GSM8K consists of 8.5K high quality grade school math problems created by human problem writers. We segmented these into 7.5K training problems and 1K test problems. These problems take between 2 and 8 steps to solve, and solutions primarily involve performing a sequence of elementary calculations using basic arithmetic operations (+ - / *) to reach the final answer. A bright middle school student should be able to solve every problem.

The raw data files can be found in:

  • grade_school_math/data/train.jsonl
  • grade_school_math/data/test.jsonl

Each line of those files corresponds to a single grade school math problem, saved as a json dictionary (with a "question" key and an "answer" key). The answer is formatted such that it uses calculation annotations and so that the final numeric solution is the final line of the solution, preceded by ####.

Calculation Annotations

Our models frequently fail to accurately perform calculations. Although larger models make fewer arithmetic mistakes than smaller models, this remains a common source of errors. To mitigate this issue, we train our models to use a calculator by injecting calculation annotations into the training set. At training time, we simply finetune on this language data as is. At test time, a calculator will override sampling when the model chooses to use these annotations. An example implementation of the calculator sampling can be found in calculator.py.

If you would like to remove the calculator annotations, simply remove any string that starts with << and ends with >>.

Solution Extracting

To extract the final numeric solution for a particular question, simply parse the completion to extract the numeric value immediately following the #### token. Some example python code to do so is shown in dataset.py:is_correct.

Socratic Dataset

During our research, we also investigated a modified solution format that injects automatically generated "Socratic subquestions" before each step. Although we ultimately did not use this format for any experiments in the paper, we make this data available to anyone who is interested.
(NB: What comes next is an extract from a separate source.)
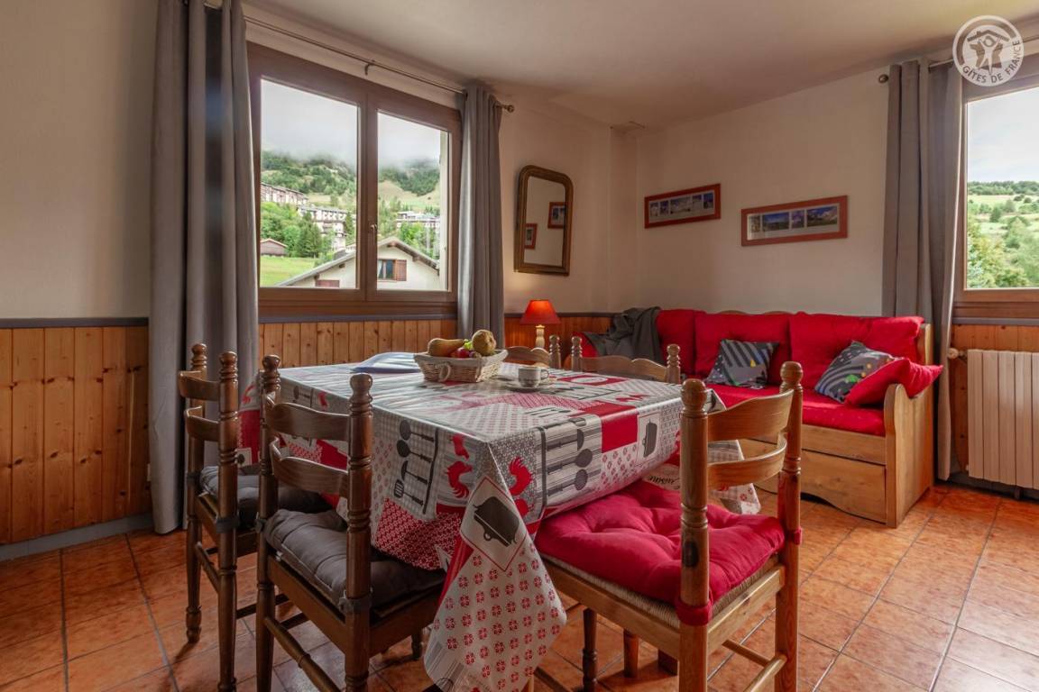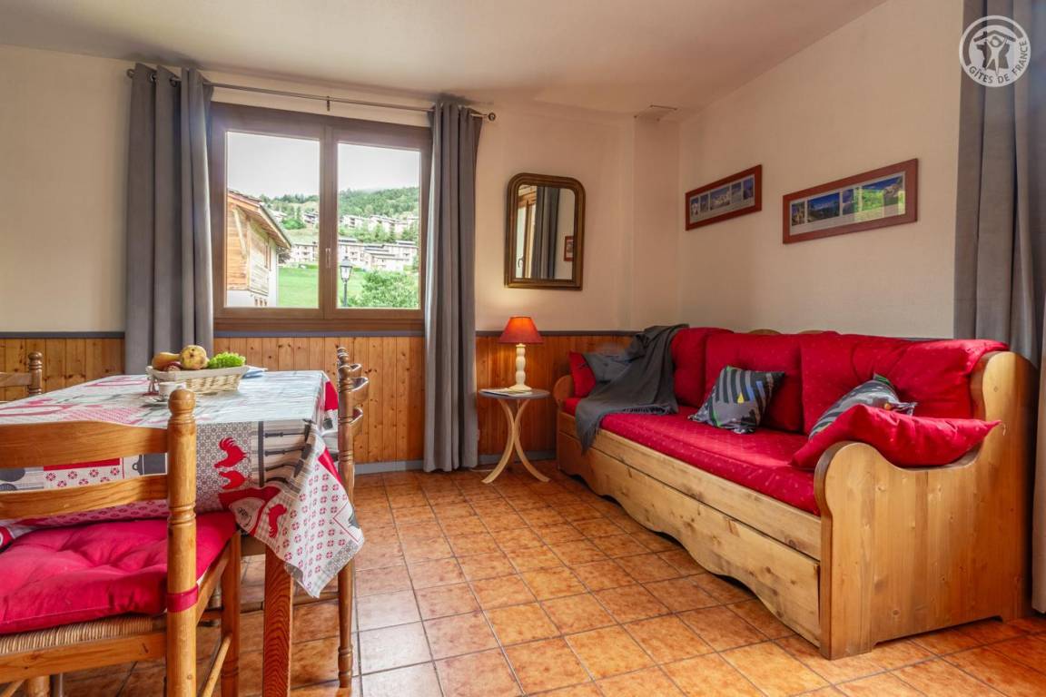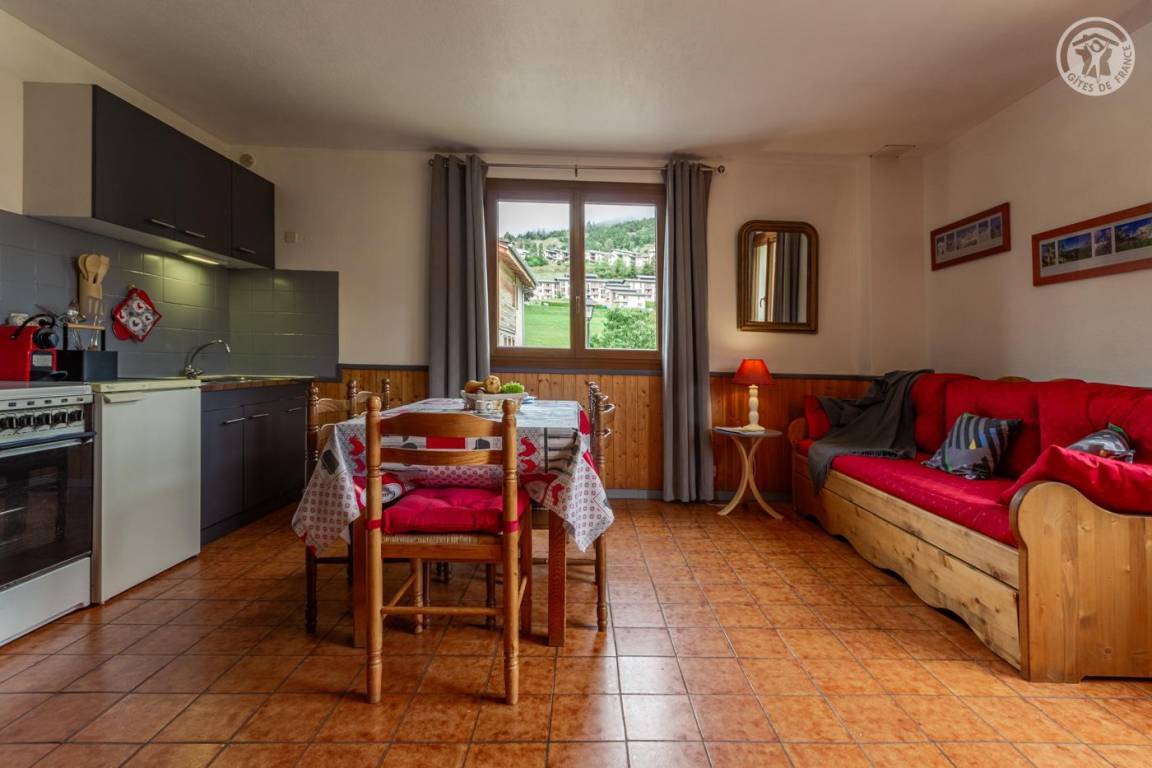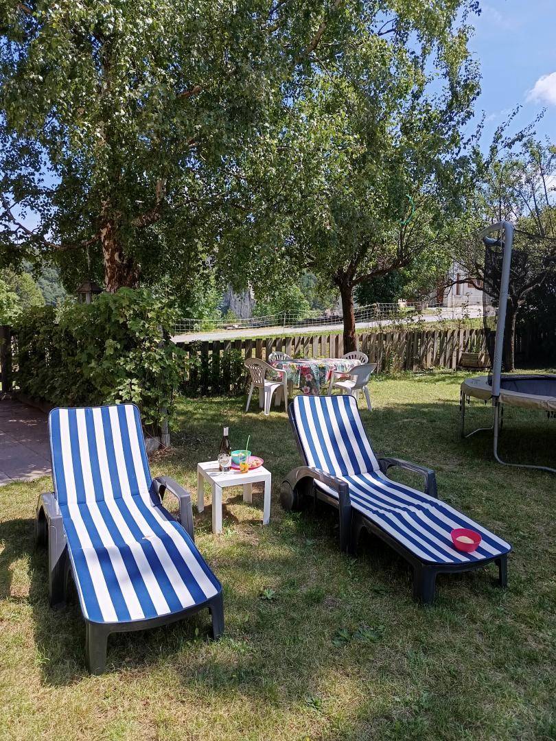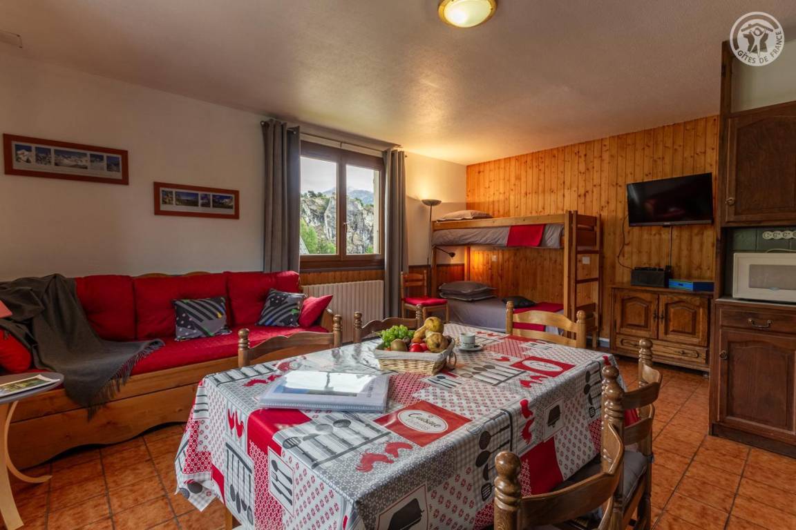Im 1. Stock eines Hauses mit der Wohnung des Eigentümers und einer weiteren Touristenvermietung. Zugang über eine Innentreppe. Studio bestehend aus einem Wohnzimmer mit Küchenbereich (1 Schlafsofa 140x190 cm + 2 Etagenbetten 90x190 cm), Badezimmer (kleine Badewanne), separates WC. Zugang zum Gemeinschaftsgarten (Schaukel, Trampolin, Grill und Brotbackofen, Kinderhütte) mit Terrasse. Gemeinsamer Ski- und Fahrradraum, Waschküche (gemeinsame Waschmaschine und Trockner). 1 privater Parkplatz vor dem Haus.

We show an example below, with the socratic subquestions in bold:

A carnival snack booth made $50 selling popcorn each day. It made three times as much selling cotton candy. For a 5-day activity, the booth has to pay $30 rent and $75 for the cost of the ingredients. How much did the booth earn for 5 days after paying the rent and the cost of ingredients?
How much did the booth make selling cotton candy each day? ** The booth made $50 x 3 = $<<50*3=150>>150 selling cotton candy each day.
How much did the booth make in a day? ** In a day, the booth made a total of $150 + $50 = $<<150+50=200>>200.
How much did the booth make in 5 days? ** In 5 days, they made a total of $200 x 5 = $<<200*5=1000>>1000.
How much did the booth have to pay? ** The booth has to pay a total of $30 + $75 = $<<30+75=105>>105.
How much did the booth earn after paying the rent and the cost of ingredients? ** Thus, the booth earned $1000 - $105 = $<<1000-105=895>>895.

We generated each Socratic subquestion by conditioning on each ground truth (contractor-provided) step in a solution, using a model specifically finetuned for this task (on around 800 examples). To construct the full Socratic dataset, each step in the solution was prefixed by the model-generated Socratic subquestion. Steps were otherwise left untouched.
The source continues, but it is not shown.